Imported traditions

ozoni

Did I already men­tion that Kai can stand? Well, he can, among the many other things he seems to be pick­ing up (lit­er­ally and other­ally) on a daily basis.

Before the New Year, we also received Naomi’s updated copy of her fam­ily reg­is­ter from Tokyo, which now includes Kai and myself (my name being recorded in Katakana because I’m the alien in the fam­ily). Kai also retains his mother’s sur­name in his birth records for Sin­ga­pore and Japan.

Because we were offi­cially 2/3rds Japan­ese, we decided on ozoni for the first meal of the year. It sounds sim­ple enough to make, but we wanted to see if there were any vari­a­tions on the dish, so we Youtubed it, and found this chan­nel with an alarm­ing title, called, “Cook­ing With Dog”, but our fears were unfounded because the dog just sits there doing noth­ing, and noth­ing gets done to it either.

We fol­lowed the instruc­tions for ozoni, and I’m not allowed to make fun of Japanese-accented Engr­ish, so please, don’t laugh. (You can go an use the rub­bertree if you need to pee).

But what’s really inter­est­ing was the fact that Japan­ese New Year fol­lows the Gre­go­rian cal­en­dar instead of the Ori­en­tal lunar cal­en­dar, and I found out, thanks to Wikipedia, that this was not always the case.

The Japan­ese cel­e­brated their New Year’s the same time as the Chi­nese until the Meiji period, when Japan under­went a series of sweep­ing changes aimed at trans­form­ing her into a mod­ern soci­ety (partly by abol­ish­ing the elite class).
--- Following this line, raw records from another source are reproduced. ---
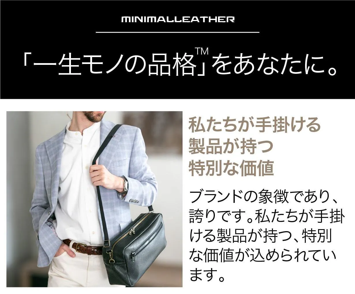 レザーは天然素材ならではの独自の風合いを持ち、使い込むほどに味わい深く変化していきます。時間が経つほどに輝きを増し、持つ人の個性とともに進化するレザーの魅力。それが「一生モノ」の証です。
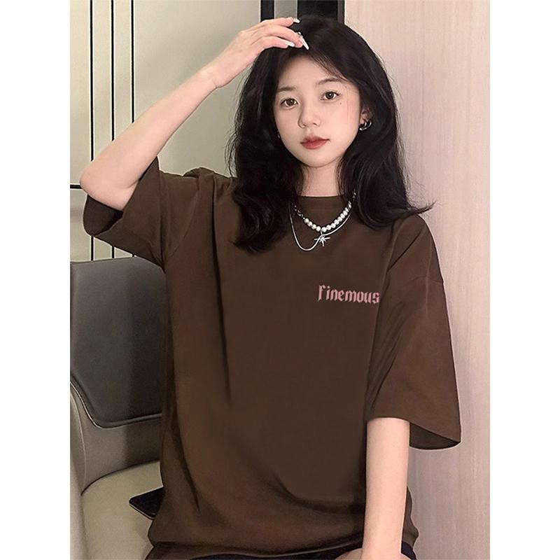 咖啡色短袖潮牌t恤情侣装新款女装宽松休闲欧货独特别致上衣
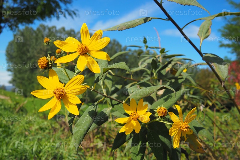 Топинамбур, или клубневый подсолнечник, или груша земляная Helianthus tuberosus вид многолетних травянистых клубневых растений рода Подсолнечник семейства сложноцветных.Желтые цветы
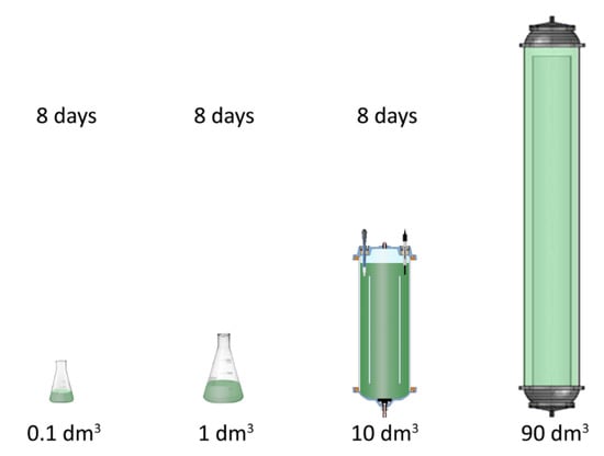 The utilized way of scaling the culture by a factor of 10 per step proved itself in practice. Admittedly, many researchers use higher factors (20–30) when scaling-up cultures [35,36,37]. However, in that way they are breaking the practical rule used, i.e., by fermentation technology, which says that each increase of scale should not surpass a factor of 10. Ignoring this rule results in, for example, the appearance of contamination and biological degradation, which translates into a decrease in the reliability, and stability of the production process [8].
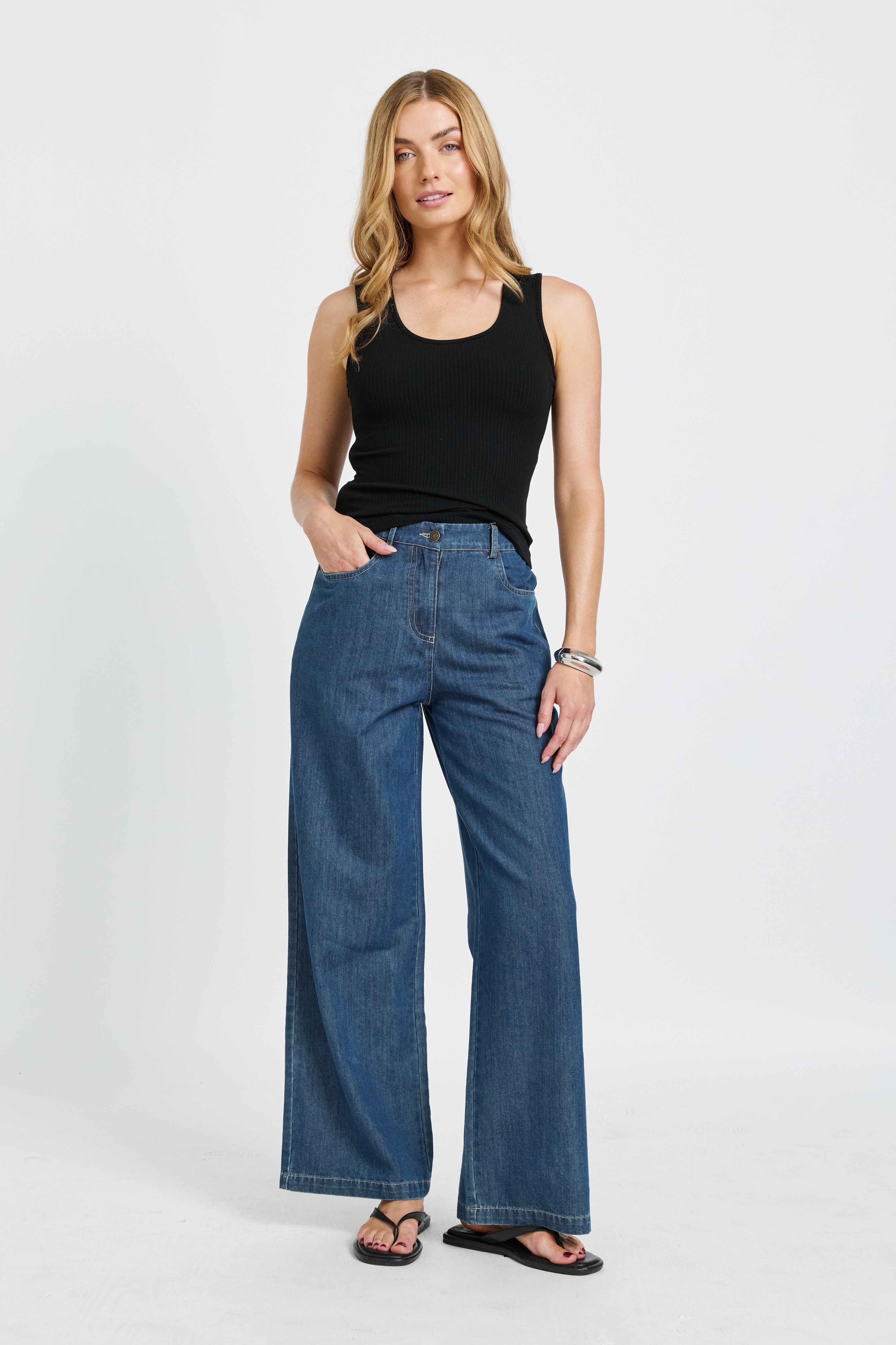 Anderson Adjustable-Waist Wide Leg Jean - Medium Blue
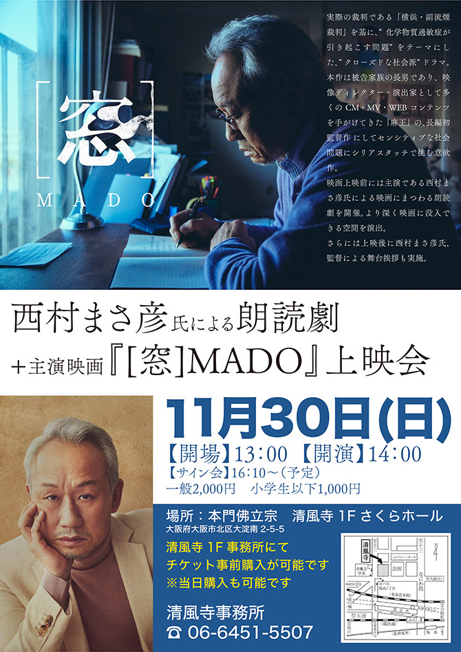 映画『[窓] MADO』は、実際の裁判である「横浜・副流煙裁判」を基に、”化学物質過敏症が引き起こす問題”をテーマにした、”クローズドな社会派”ドラマです。本作は被告家族の⻑男であり、映像ディレクター・演出家として多くのCM・MV・WEBコンテンツを手がけてきた「麻王」の、長編初監督作 にしてセンシティブな社会問題にシリアスタッチで挑む意欲作。劇伴音楽は板倉文。主題歌は小川美潮の「窓」。また映画上映前には主演である西村まさ彦氏による映画にまつわる朗読劇を開催。より深く映画に没入できる空間を演出されます。さらには上映後に西村まさ彦氏、監督による舞台挨拶にて、映画制作の舞台裏のお話を聞くことができます。
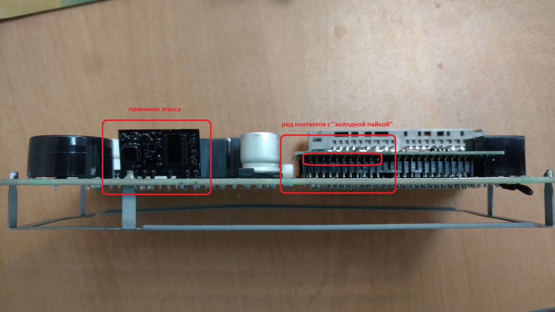 но меня снова ожидало фиаско , хотя процедура рабочая , что и показал снова опыт перепрописки ключей на японский этакс на котором ключи виделись и запоминались , при попытке обратится с проблемой в дилерский сервис мне сказали - ну ключи не всегда можно прописать без MUT . типа бывает зависет процедура прописки, не закрывается процесс и соотвественно новый сеанс не открывается, муть короче , но в моем случае при шаманстве с дверью, ключем, аварийкой и проводком, этакс стабильно отзывался закрывая и открывая двери, но категорически не хотел видеть передатчик ключа, было опробовано несколько ключей, толку ноль, делать было нечего, было решено подключить на столе этакс ( всего два провода и 12в с лабораторного) и посмотреть, что валится с приемника в рабочем японском этаксе и на родном, в итоге, на сборке приемника этакса нам надо было понять что за ноги и для чего, итак , питание две ноги , одна синхра с проца (с платы что стоит на ногах на основном модуле), ее было явно видно на осцилографе, и еще одна нога собственно сам выход, где при нажатии кнопки на пульте ключа были видны посылки кода, подключив родной этакс все было по питанию в норме , но синхры не было , соотвественно приемник ожидаемо молчал. хотя питание на нем было в норме, внимательное рассматривание показало, что край платы процессора "висит в воздухе" и нет контакта как раз на тех контактах которые нужны приемнику , дело пяти сек плюс паяльник, и вуаля, я вижу и синхру и приемник отдает код передачи на проц при нажатии кнопок на пульте, дальнейшее внимательное рассмаривание японского этакса показало что и на нем эти же контакты имеют холодную пайку , при том в большем обьеме, но как то на соплях это работало, но нестабильно
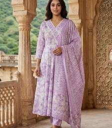 Anouk purple and white pure cotton anarkali angrakha kurta set
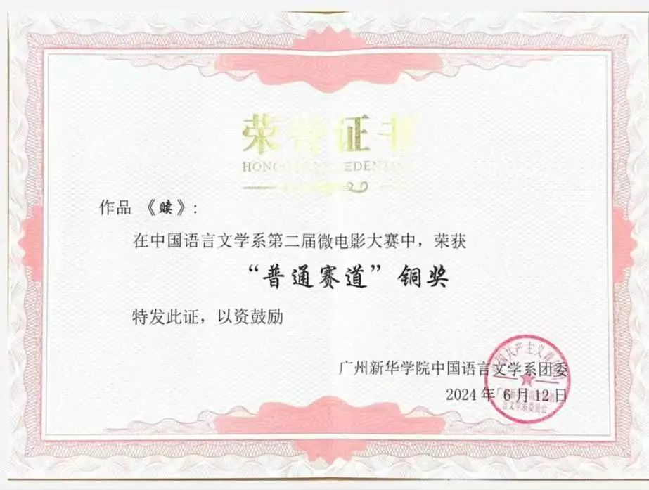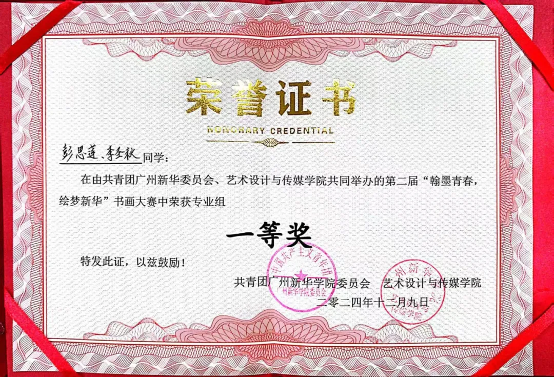 大一期间,综合测评排名专业第一,获2023-2024学年广州新华学院优秀学生一等奖学金;在2023-2024学年,被评为“广州新华学院优秀共青团员”、广州新华学院“优秀学生干部”、广州新华学院“三好学生”;荣获广州新华学院2023“国青杯”全国高校艺术设计作品展评的学生组三等奖、第二届全国大学生职业规划大赛优秀奖、第二届“翰墨青春,绘梦新华”书画艺术作品大赛一等奖、第二届全国大学生职业规划大赛优秀奖、2024青年大学生手绘艺术与创意设计作品大展征集铜奖和优秀奖、2024“谷都风华”中山三乡文旅产业人才创新创业创意大赛三等奖。

So one of the things you eat at New Year’s is mochi — or sticky rice cakes, which are toasted before being boiled to a sticky mess in the ozoni. Wikipedia also has some­thing to say about this:

Because of mochi’s extremely sticky tex­ture, there is usu­ally a small num­ber of chok­ing deaths around New Year in Japan, par­tic­u­larly amongst the elderly. The death toll is reported in news­pa­pers in the days after New Year.